3. Software compatibility: The Linux operating system supports many different software and tools, but there may be compatibility issues between different versions and distributions. This may cause some programs to not run properly or be unavailable on some operating systems. Therefore, R&D personnel need to understand the software compatibility of their working environment and make necessary configurations and modifications.

4. Performance issues: The AI ​​software stack is an extremely complex system that usually requires professional optimization of different models of CPUs and GPUs to achieve its best performance. Performance optimization of software and hardware collaboration is a challenging task for AI software stacks, requiring a high level of technology and expertise.

Alibaba Cloud Linux 3 (hereinafter referred to as "Alinux 3"), Alibaba Cloud's third-generation cloud server operating system, is a commercial version of the operating system developed based on the Anolis OS, providing developers with Powerful AI development platform, by supporting the Dragon Lizard ecological repo (epao), Alinux 3 achieves full support for the mainstream nvidia GPU and CUDA ecosystem, making AI development more convenient and efficient. In addition, Alinux 3 also supports the optimization of AI by different CPU platforms such as mainstream AI frameworks TensorFlow/PyTorch and Intel/amd. It will also introduce native support for large model SDKs such as modelscope and huggingface, providing developers with rich resources and tool. These supports make Alinux 3 a complete AI development platform, solving the pain points of AI developers without having to fiddle with the environment, making the AI ​​development experience easier and more efficient.

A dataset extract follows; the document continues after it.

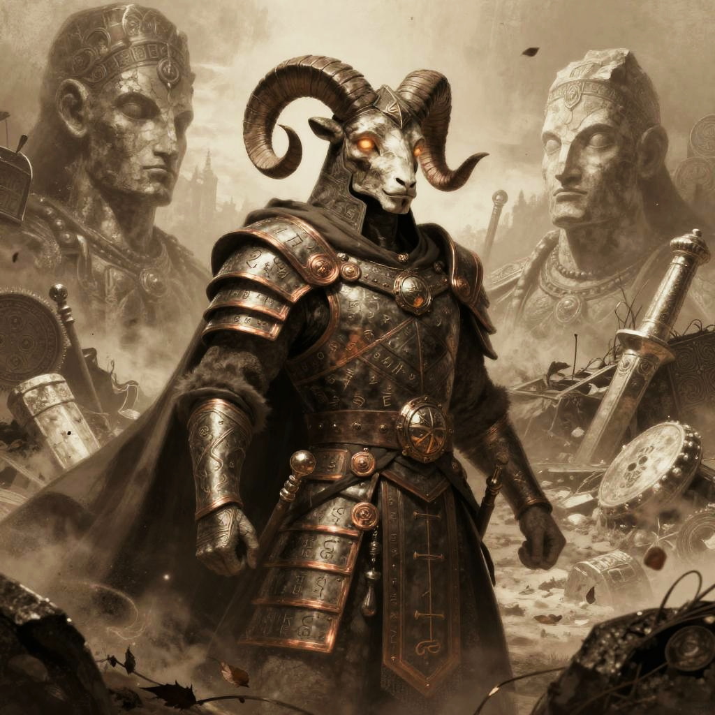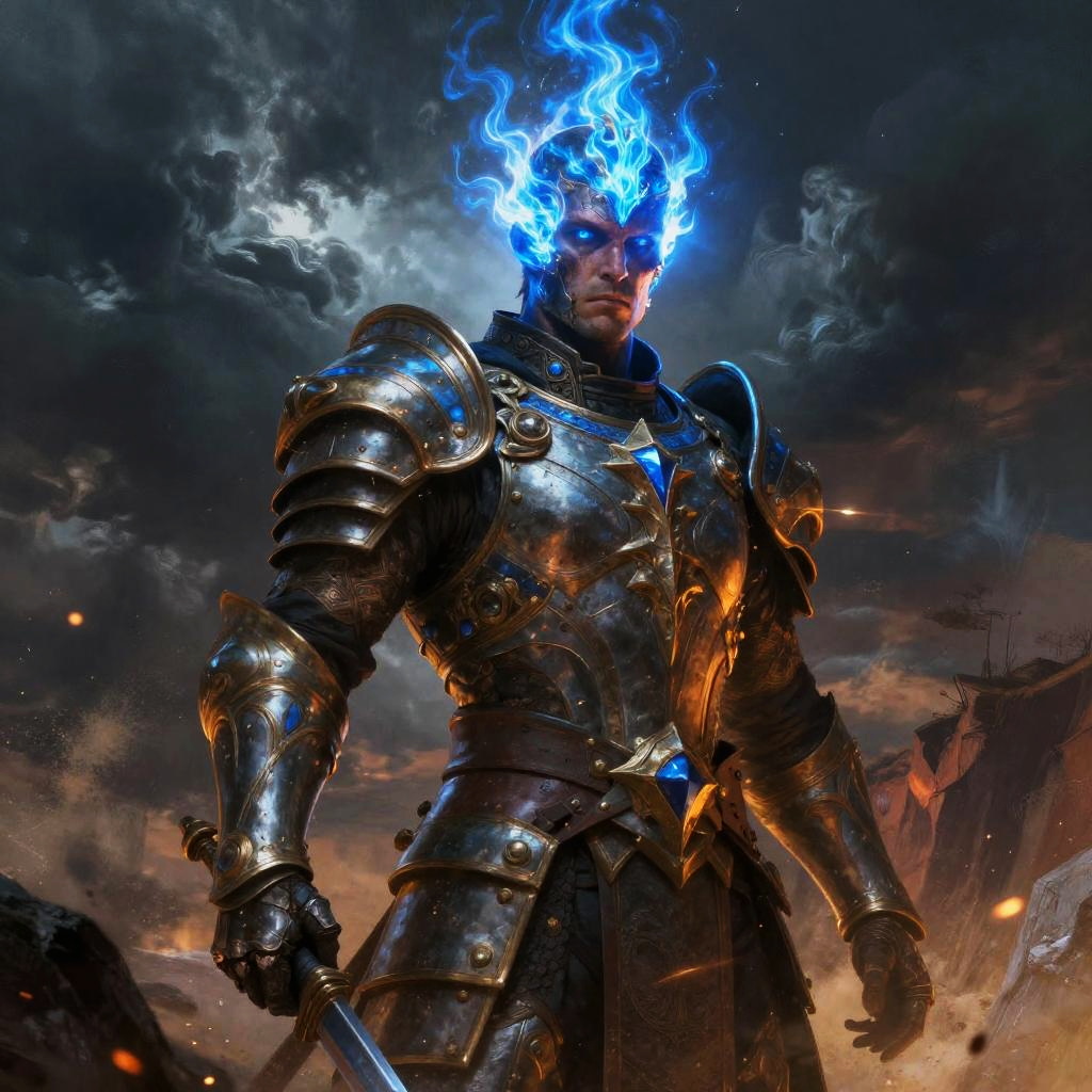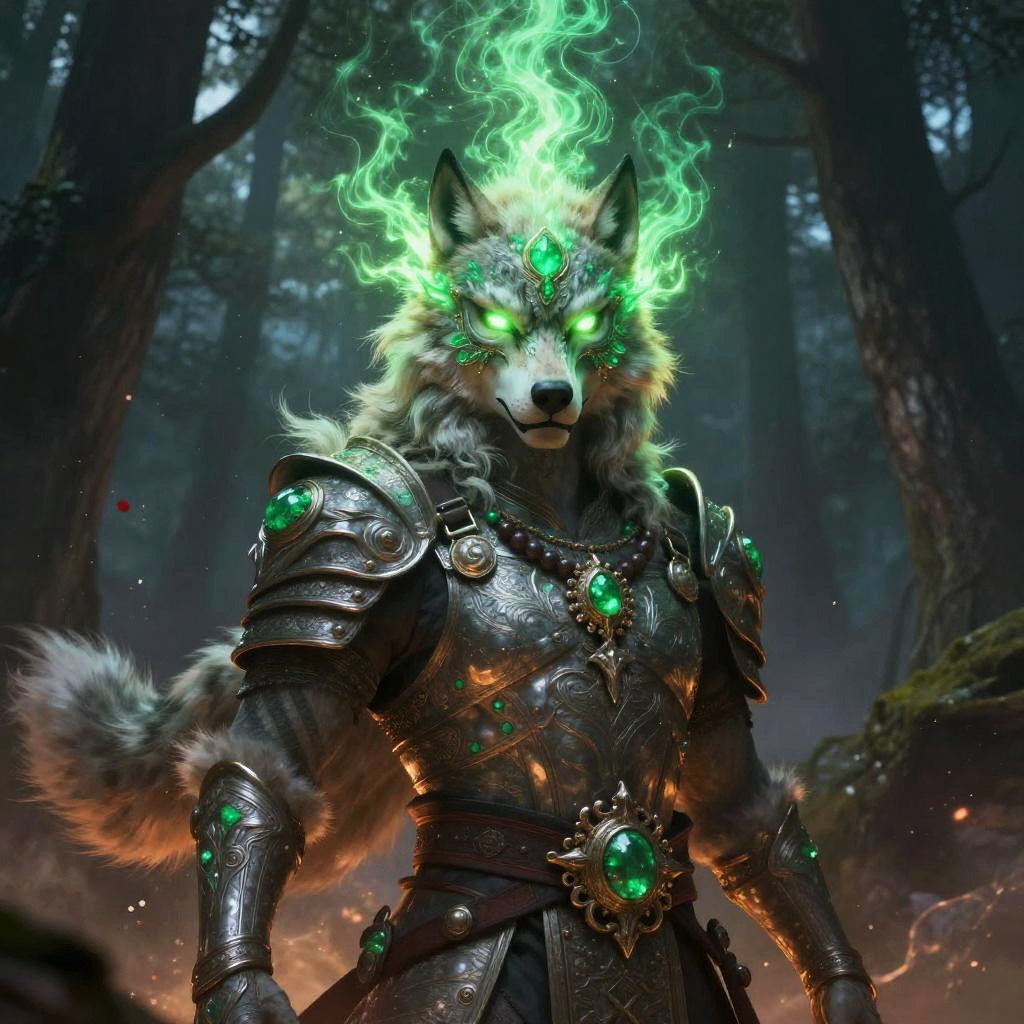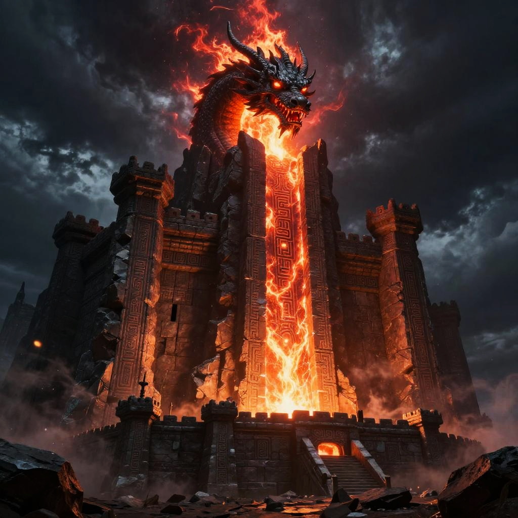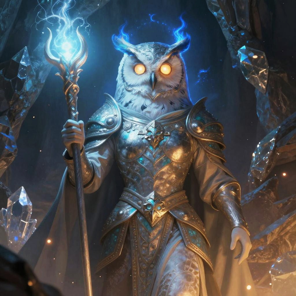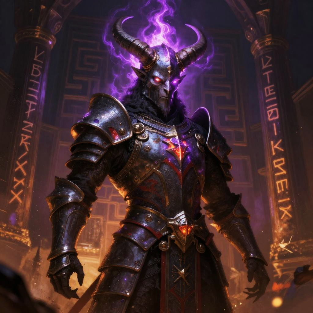 Surreal vibrant fantasy illustration of serpent-scaled royal guardian in crimson-hued cavern filled with flickering crystalline light, enigmatic stone-chiseled visage, glowing emerald eyes, ornate armor with obsidian and copper accents. Red flames or radiant energy halo the head, casting rim light; drifting embers and dust. High detail, volumetric glow, atmospheric depth, dynamic shadows, epic mood, painterly textures, mythic grandeur, cool-to-warm color contrast.

Alinux 3 provides developers with a powerful AI development platform. In order to solve the above challenges that developers may encounter, Alinux 3 provides the following optimization upgrades:

1. Alinux 3 supports developers to install mainstream NVIDIA GPU drivers and CUDA acceleration libraries with one click by introducing the Dragon Lizard Ecological Software Repository (epao) , saving developers the need to match driver versions and manual installation time.

2. The epao warehouse also provides version support for the mainstream AI framework Tensorflow/PyTorch. At the same time, the dependency problem of the AI ​​framework will be automatically solved during the installation process. Developers do not need to perform additional compilation. Use the system Python environment for rapid development.

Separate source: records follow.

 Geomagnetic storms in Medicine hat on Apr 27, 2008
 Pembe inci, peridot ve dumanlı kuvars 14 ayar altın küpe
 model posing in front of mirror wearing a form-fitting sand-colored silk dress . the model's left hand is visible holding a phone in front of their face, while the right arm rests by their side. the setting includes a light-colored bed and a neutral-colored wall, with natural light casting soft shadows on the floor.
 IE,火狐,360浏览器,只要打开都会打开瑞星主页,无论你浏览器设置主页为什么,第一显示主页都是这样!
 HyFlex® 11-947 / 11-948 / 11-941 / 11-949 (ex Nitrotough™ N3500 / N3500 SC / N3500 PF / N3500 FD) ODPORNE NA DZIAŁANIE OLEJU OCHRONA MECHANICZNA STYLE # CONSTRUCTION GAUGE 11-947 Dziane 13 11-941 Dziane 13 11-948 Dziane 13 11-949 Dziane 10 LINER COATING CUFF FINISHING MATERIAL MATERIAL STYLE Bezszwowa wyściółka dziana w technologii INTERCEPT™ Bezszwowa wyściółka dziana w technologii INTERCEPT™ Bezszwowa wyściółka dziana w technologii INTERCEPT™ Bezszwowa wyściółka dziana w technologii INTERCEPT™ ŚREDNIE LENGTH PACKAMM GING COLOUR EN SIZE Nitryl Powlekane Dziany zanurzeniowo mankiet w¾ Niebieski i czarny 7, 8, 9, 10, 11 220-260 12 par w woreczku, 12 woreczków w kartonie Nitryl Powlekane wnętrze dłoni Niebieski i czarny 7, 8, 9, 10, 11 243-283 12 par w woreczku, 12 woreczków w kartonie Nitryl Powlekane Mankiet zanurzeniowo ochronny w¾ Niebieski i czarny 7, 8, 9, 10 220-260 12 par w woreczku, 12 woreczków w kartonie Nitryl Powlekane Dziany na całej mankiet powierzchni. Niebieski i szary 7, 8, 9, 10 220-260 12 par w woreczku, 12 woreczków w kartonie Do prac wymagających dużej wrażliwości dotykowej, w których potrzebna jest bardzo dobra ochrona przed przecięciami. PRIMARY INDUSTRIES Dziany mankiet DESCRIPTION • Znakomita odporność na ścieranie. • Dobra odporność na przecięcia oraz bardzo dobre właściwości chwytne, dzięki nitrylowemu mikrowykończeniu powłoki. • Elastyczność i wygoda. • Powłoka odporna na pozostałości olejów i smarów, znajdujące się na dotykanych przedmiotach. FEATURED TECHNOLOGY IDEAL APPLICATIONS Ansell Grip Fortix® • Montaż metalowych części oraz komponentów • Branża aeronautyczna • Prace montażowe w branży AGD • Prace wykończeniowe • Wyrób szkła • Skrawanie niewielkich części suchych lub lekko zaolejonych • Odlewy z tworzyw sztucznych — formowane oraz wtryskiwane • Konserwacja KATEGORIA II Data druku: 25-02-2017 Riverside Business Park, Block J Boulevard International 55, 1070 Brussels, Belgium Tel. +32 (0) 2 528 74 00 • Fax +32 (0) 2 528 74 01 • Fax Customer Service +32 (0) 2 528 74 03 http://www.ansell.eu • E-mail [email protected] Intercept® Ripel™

3. Before the AI ​​capabilities of Alinux 3 are provided to developers, all components have been tested for compatibility. Developers can install the corresponding AI capabilities with one click, eliminating possible problems in environment configuration. Modifications to system dependencies have improved stability during use.

4. Alinux 3 has been specially optimized for AI for CPUs on different platforms such as Intel/AMD to better release the full performance of the hardware.

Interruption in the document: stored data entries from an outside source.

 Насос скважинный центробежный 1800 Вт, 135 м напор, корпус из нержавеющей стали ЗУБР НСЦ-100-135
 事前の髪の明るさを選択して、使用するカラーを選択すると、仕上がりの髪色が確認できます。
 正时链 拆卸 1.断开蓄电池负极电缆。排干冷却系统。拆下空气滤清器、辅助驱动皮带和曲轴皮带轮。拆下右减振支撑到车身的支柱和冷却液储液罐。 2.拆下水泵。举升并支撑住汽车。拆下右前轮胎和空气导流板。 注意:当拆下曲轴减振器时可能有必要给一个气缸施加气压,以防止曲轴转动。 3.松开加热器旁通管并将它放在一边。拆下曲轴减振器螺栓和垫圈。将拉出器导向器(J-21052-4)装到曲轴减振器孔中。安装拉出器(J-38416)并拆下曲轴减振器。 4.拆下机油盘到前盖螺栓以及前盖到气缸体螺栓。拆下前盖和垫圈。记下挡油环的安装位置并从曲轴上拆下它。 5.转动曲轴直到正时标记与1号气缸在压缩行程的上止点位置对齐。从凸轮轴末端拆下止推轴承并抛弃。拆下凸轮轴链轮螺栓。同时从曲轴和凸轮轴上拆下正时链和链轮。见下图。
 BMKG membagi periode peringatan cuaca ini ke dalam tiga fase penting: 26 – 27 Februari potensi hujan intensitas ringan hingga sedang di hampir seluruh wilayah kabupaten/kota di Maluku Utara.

5. In order to adapt to the rapid iteration of the AIGC industry, Alinux 3 will also introduce native support for large model SDKs such as ModelScope and HuggingFace, providing developers with a wealth of resources and tools.

With the support of multi-dimensional optimization, Alinux 3 has become a complete AI development platform, solving the pain points of AI developers and making the AI ​​development experience easier and more efficient.

The following uses Alibaba Cloud GPU instances as an example to demonstrate Alinux 3’s support for the AI ​​ecosystem:

1. Purchase a GPU instance

以 GPU 实例演示 Alibaba Cloud Linux 3 对 AI 生态的支持

2. Select Alinux 3 image

以 GPU 实例演示 Alibaba Cloud Linux 3 对 AI 生态的支持

3. Install epao repo configuration

dnf install -y anolis-epao-release

4. Install nvidia GPU driver

Before installing nvidia driver, make sure kernel-devel is installed to ensure that nvidia driver is installed successfully.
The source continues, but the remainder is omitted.